WATCH! Elon Musk led Starlink satellites burn up in the sky after solar storm strike- video
You can actually watch a video of solar storm impact on Elon Musk led Starlink satellites burning up in the sky. They were hit by the geomagnetic storm from our Sun.
Space is awesome to behold, but it is also full of nasty surprises. That is exactly what Elon Musk got- a nasty surprise from a solar storm that knocked out a huge number of his newly launched Starlink satellites and caused them to burn in the sky. A video has surfaced online showing SpaceX satellites burning up in Earth's atmosphere. The satellites were hit by a geomagnetic storm which knocked them out of orbit, after which they started to burn in Earth's atmosphere. Because of this, Elon Musk's space venture SpaceX lost dozens of satellites to a storm. As per a report by The Sun, "The dramatic video shows space debris streaking across the night sky like comets over Puerto Rico."

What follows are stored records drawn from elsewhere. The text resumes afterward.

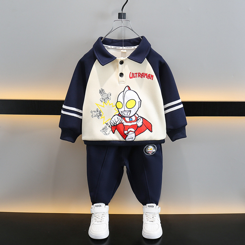 ウルトラマン服男児秋金セット2024新型洋気赤ちゃん児童poloシャツ2点セット潮
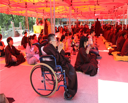 是日天空湛蓝,祥云朵朵,800余名学子及信众,不畏酷暑,本着对佛法的正信和对众生的慈悲,圆满护持和参与了法会。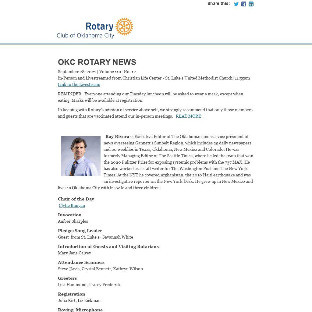 OKC Rotary NewsSeptember 28, 2021 | Volume 110| No. 12

A Falcon 9 rocket was launched on February 3 with 49 new Starlink satellites, designated as group G4-7. And soon after the launch, a geomagnetic storm struck Earth's atmosphere, stopping 40 of the satellites from reaching their final orbit. Since they could not do that, they fell back towards Earth and were destroyed by the re-entry. The video of at least one Starlink satellite breaking apart on re-entry was captured by cameras operated by Sociedad de Astronomia del Caribe, a Puerto Rican non-profit organisation. The clipping was recorded on February 7 and is as long as three minutes.
"One clue is that the orbital plane of this launch was over Puerto Rico near the time of the event, and the direction of movement (SW-NE) matches it," Langbroek wrote Wednesday, as quoted by The Sun.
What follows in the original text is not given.